WASHINGTON, Jan. 26 (UPI) — In an effort to detect potential terror trails between al Qaida and Saddam Hussein, the U.S. government is to question up to 50,000 Iraqis living in the United States, the chairman of the Iraqi-American Council told United Press International Sunday.

FBI agents are to fan out across the country and interview tens of thousands of Iraqi-Americans, most of whom have lived here since the 1991 Gulf War, said Aziz al-Taee.

"We are concerned about the consequences," al-Taee told UPI.

Last month the U.S. Immigration and Naturalization Service launched a nationwide program to register, photograph and fingerprint more than 75,000 male nationals, and who are 16 years and older, from more than a dozen Arab and Islamic countries. This edict did not include those holding U.S. citizenship or permanent residence status.

According to the Iraqi-American Council, there are more than 300,000 Iraqis currently living in the United States, many of whom are American citizens or permanent residents — those holding what commonly is referred to as a "green card."

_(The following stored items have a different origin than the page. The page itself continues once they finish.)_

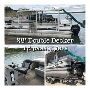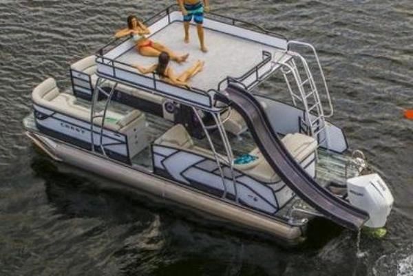Our Double decker party barge has a large upper sun deck with water slide and room for 16 Passengers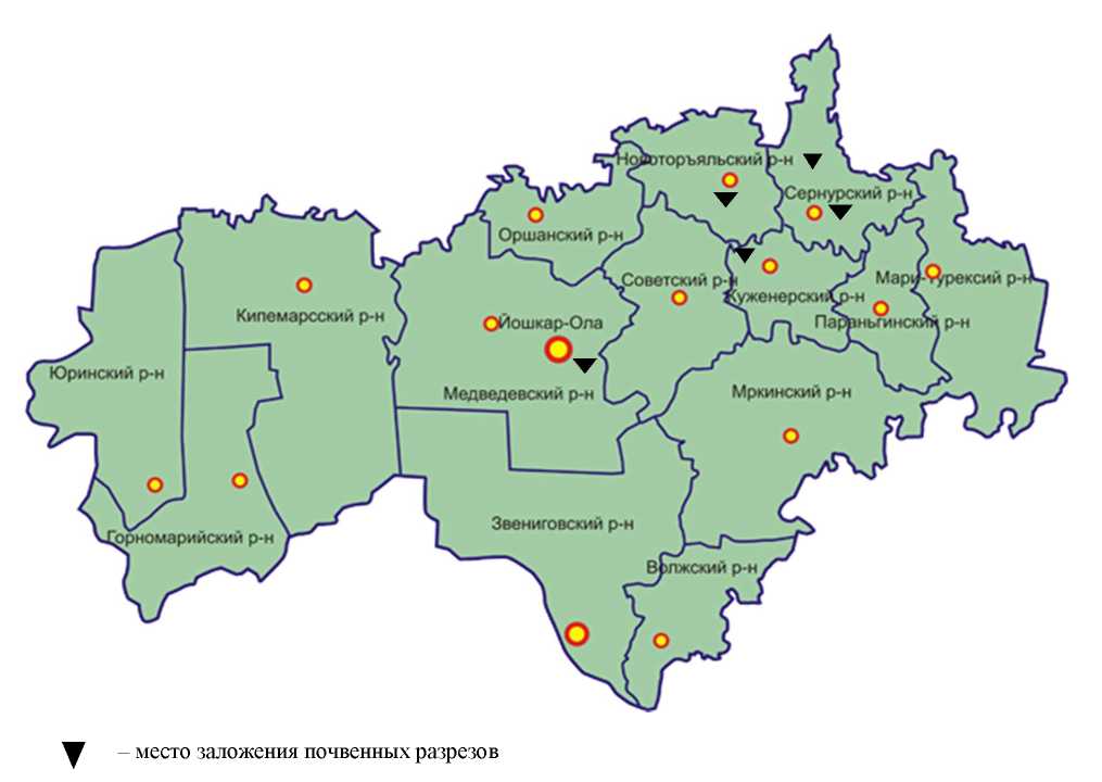 Рис. 1. Карта Республики Марий Эл. Места заложения почвенных разрезов (составлено автором)
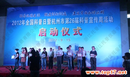 啟動(dòng)儀式上,與會(huì)領(lǐng)導(dǎo)向2010-2011年度杭州市科普工作先進(jìn)集體和先進(jìn)工作者代表頒獎(jiǎng),向2012年杭州市科普文明示范單位授牌,并向社區(qū)居民代表贈(zèng)送了科普資料。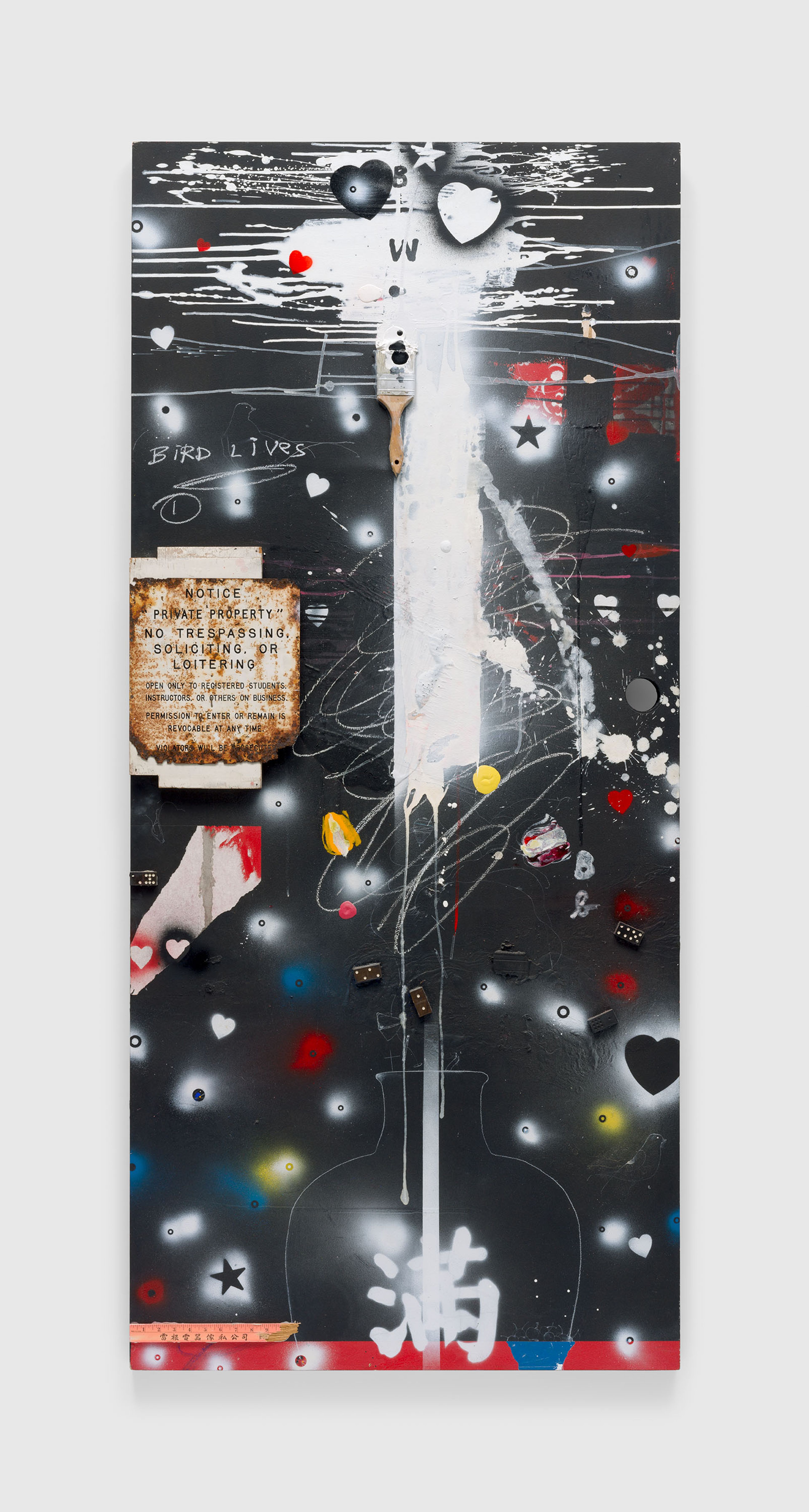 Acrylic, spray paint, chalk, collage, and mixed media on door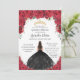 Quinceañera Red Roses Floral Black Dress Gold Invitation
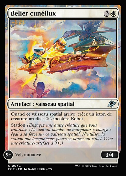 | Rules | When this Spacecraft enters, create a 2/2 colorless Robot artifact creature token. Station (Tap another creature you control: Put charge counters equal to its power on this Spacecraft. Station only as a sorcery. It's an artifact creature at 9+.) STATION 9+ Flying, first strike |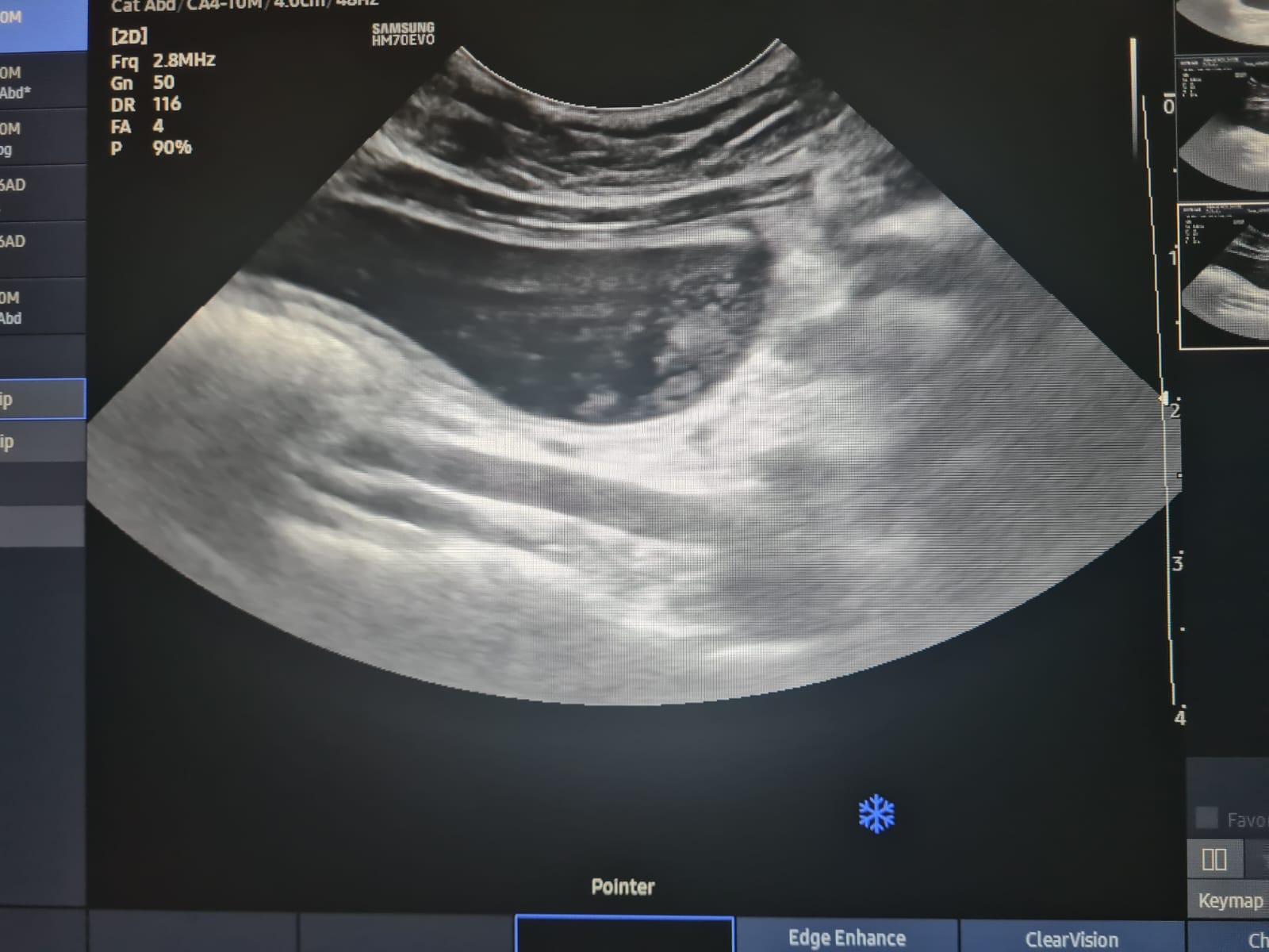 “Daring’s bladder scan image – thickened walls proximal bladder with moderate hyperechoic sediments in bladder lumen, no obvious uroliths”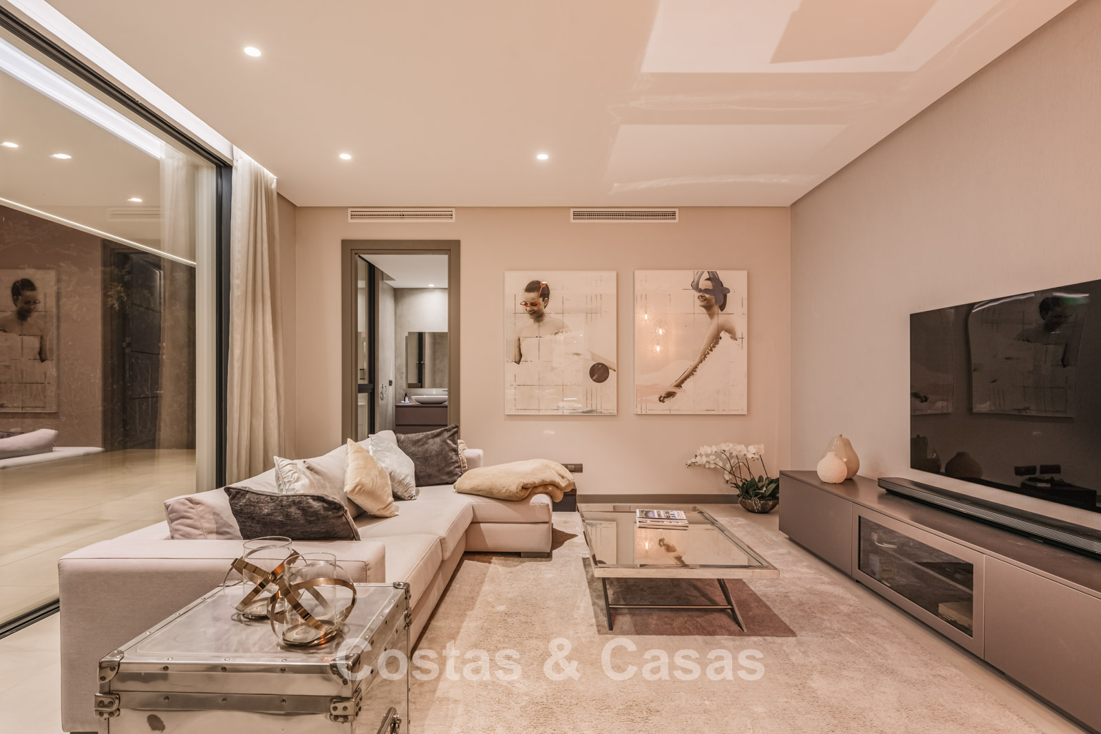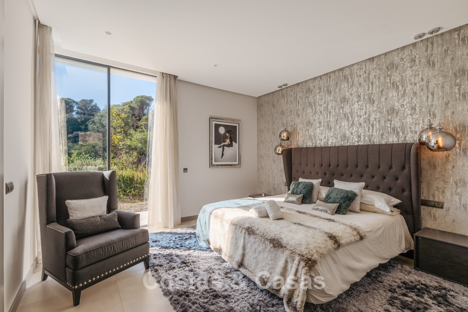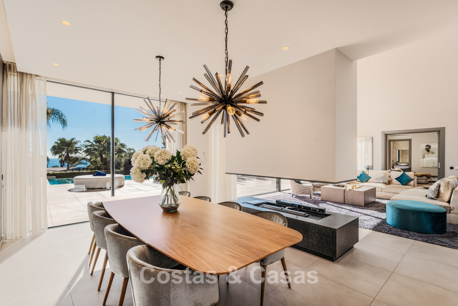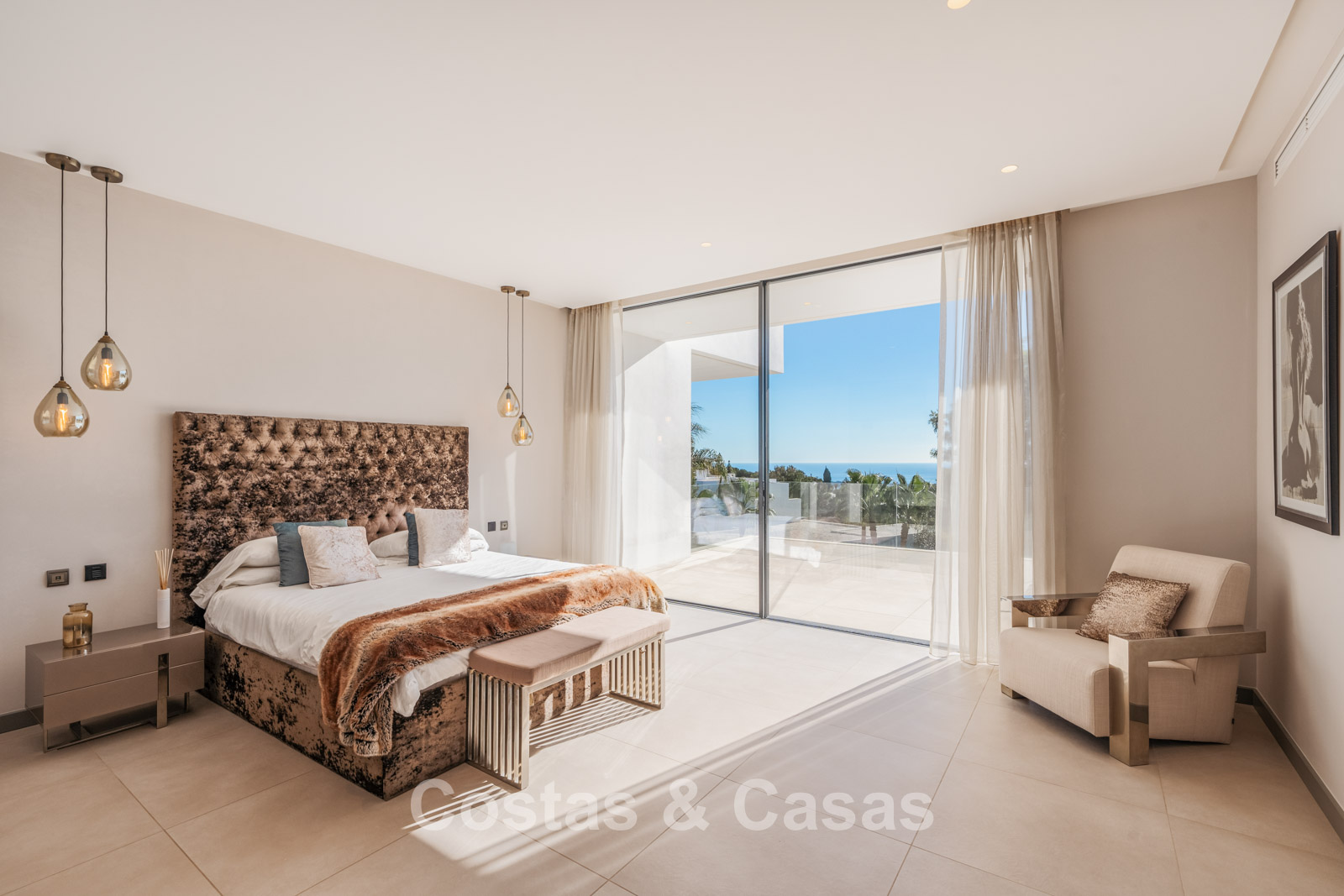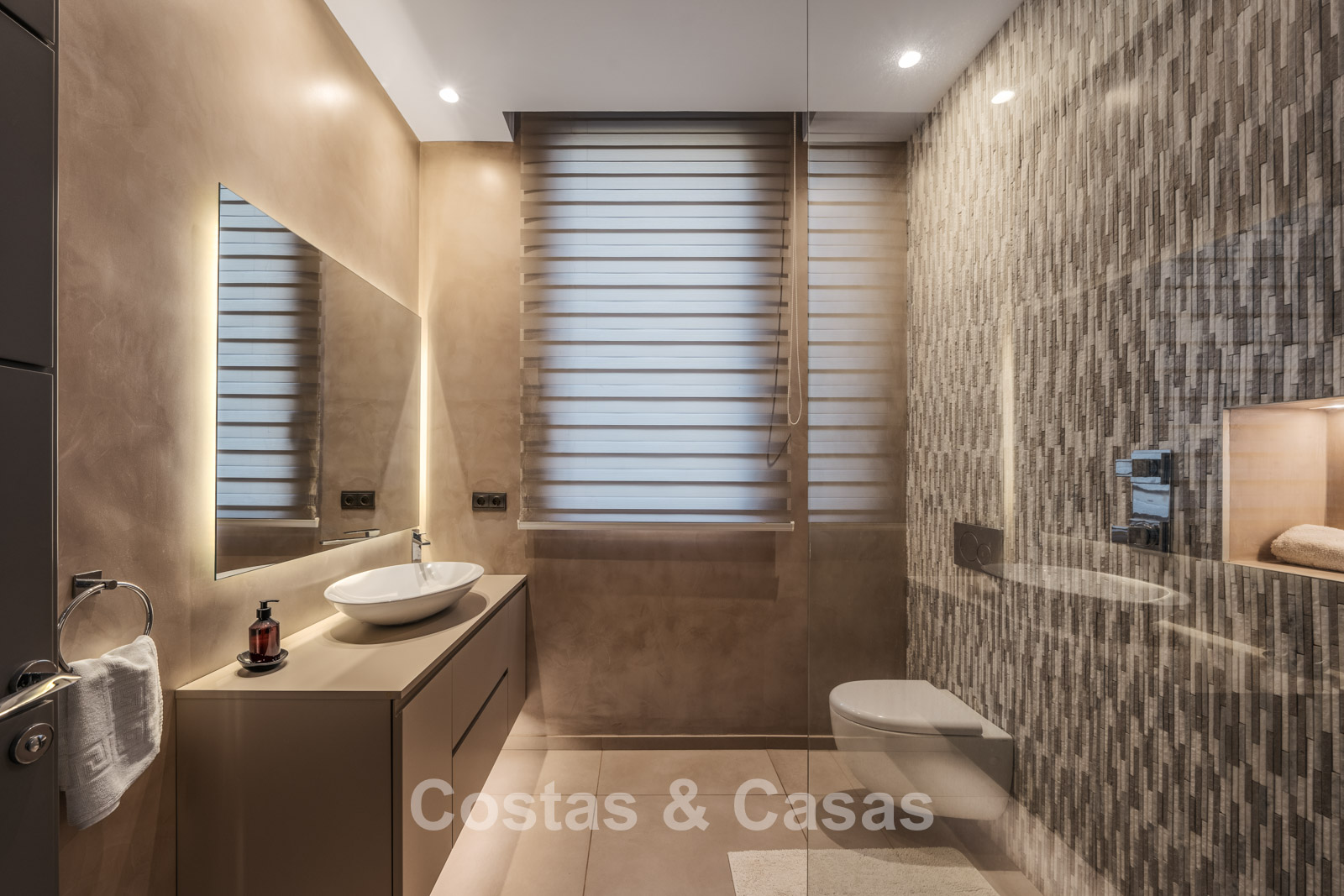 Autres caractéristiques : Climatisation pour le refroidissement et le chauffage. Cheminée. Balustrades en verre autour de la terrasse. Volets roulants électriques. Armoires encastrées sur mesure. Système d'alarme sophistiqué. Système d'irrigation automatique. Éclairage LED intérieur et extérieur.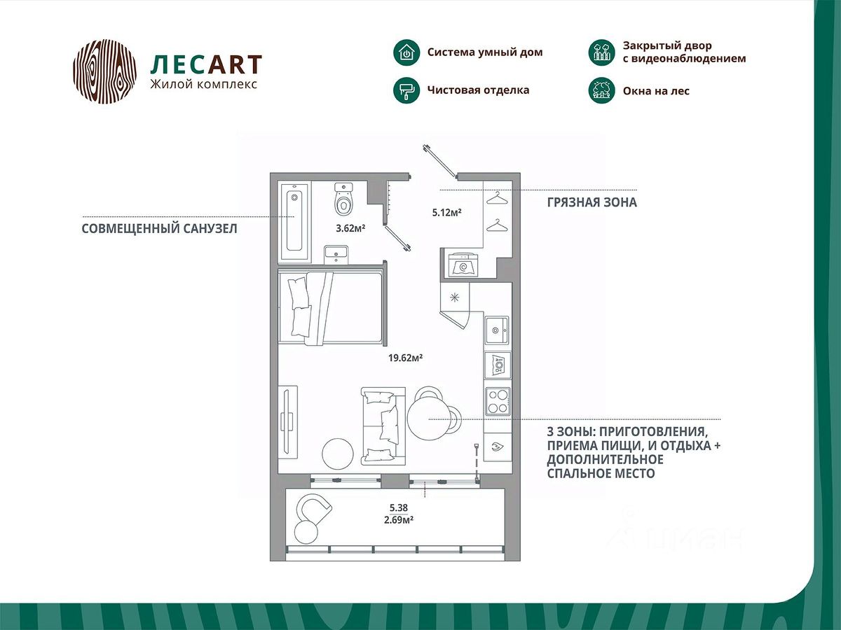 Продаётся студия квартира 043, общей площадью 31.05 кв.м., на 9. Дом комфорт-класса, 12 этажей, в окружении леса и малоэтажной застройки. Проект с умным домом. Передача квартир в апреле 2026г.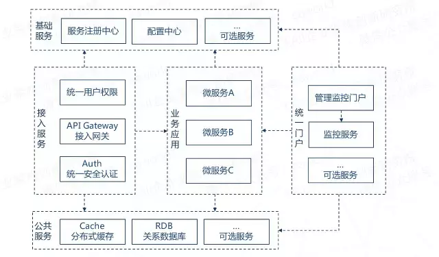 参考上图,在运行期,作为一个微服务架构的平台与业务系统,除了业务应用本身外,还需要有接入服务、统一门户、基础服务等平台级服务来保障业务系统的可靠运行。图中的公共服务就是业务处理过程中需要用到的一些可选服务。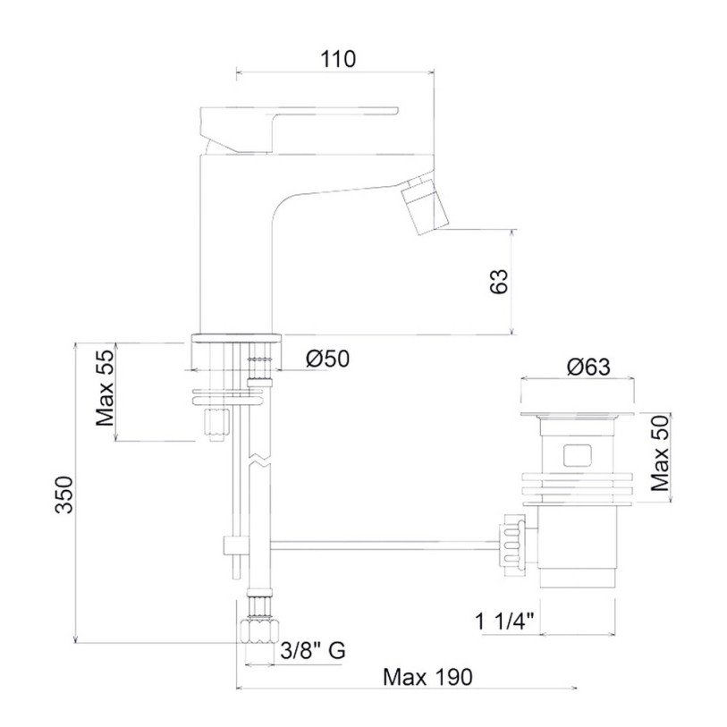 | Комплектація | Змішувач, гнучкий підвід, донний клапан, кріпильні деталі. |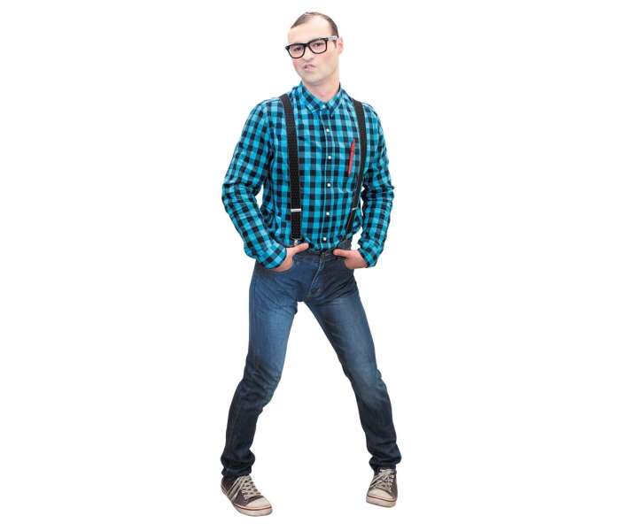 הכי פשוט, הכי חמוד ומצחיק. ג'ינס, עדיפות לכזה שאפשר להרים ממש גבוה מעל למותן. שלייקס, חולצה מכופרת משובצת, משקפיים בעלי מסגרת גדולה ומרובעת, סט עפרונות או עטים בתוך כיס החולצה, נעלי ספורט, הבעה תמימה על הפנים.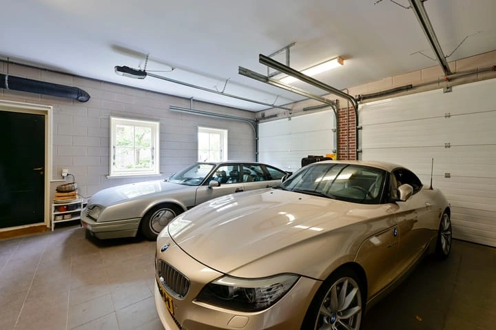 - Luxe garage met dubbele openslaande deuren, vloerverwarming, warmte-terug-wininstallatie en ruimte voor twee auto’s;

Al-Taee said the government was more interested in those who immigrated here since the 1991 Gulf War.

"I would not be surprised," said a U.S. State Department official about the FBI investigation of Iraqis. Speaking on condition of anonymity, added, "Iraqis would know more about Iraq than anyone else."

"Our position about this is that Iraqi-Americans should not be ethnically targeted," al-Taee said. "We object to the fact that any ethnicity should be targeted."

Similar concerns about Arabs being singled out since the Sept. 11, 2001, terrorist attacks have been voiced by other Arab-American groups in the United States.

Al-Taee told UPI his organization has contacted the Justice Department and voiced its concerns about a possible backlash.

"The average American does not know the difference between a pro- and an anti-Saddam Iraqi," al-Taee said. He said he feared over-zealous law enforcement agents might vent their frustrations on Iraqi-Americans, especially if war with Iraq was to break out.

In conducting these interviews, the U.S. government hopes to uncover potential links between forces loyal to Osama bin Laden's al Qaida network and the Iraqi intelligence service, known as the Mokhabarat.

"The Mokhabarat is not as active in the United States now, as it was in the 1980s," said al-Taee. "They got weaker in the 1990s."

It would not be unusual for Saddam to have tried to infiltrate agents, along with some of the thousands of refugees who have sought safe haven in the United States.

"We know that he does this stuff," the State Department official told UPI.

Al-Taee told UPI he believed Saddam's intelligence services could find sympathizers among the Muslim fundamentalists. Although Saddam started out as an Arab Nationalist, and his Baath Party is founded along non-sectarian and non-religious lines, he recently has shifted closer toward Islam in efforts to rally Muslim fundamentalists closer to his cause. On Saddam's orders, the largest mosque in the world — the Mother of all Battles Mosques — recently was erected in 15 miles outside Baghdad.

"The only thing in common between the fundamentalists and Saddam is their hatred of the United States," al-Taee said.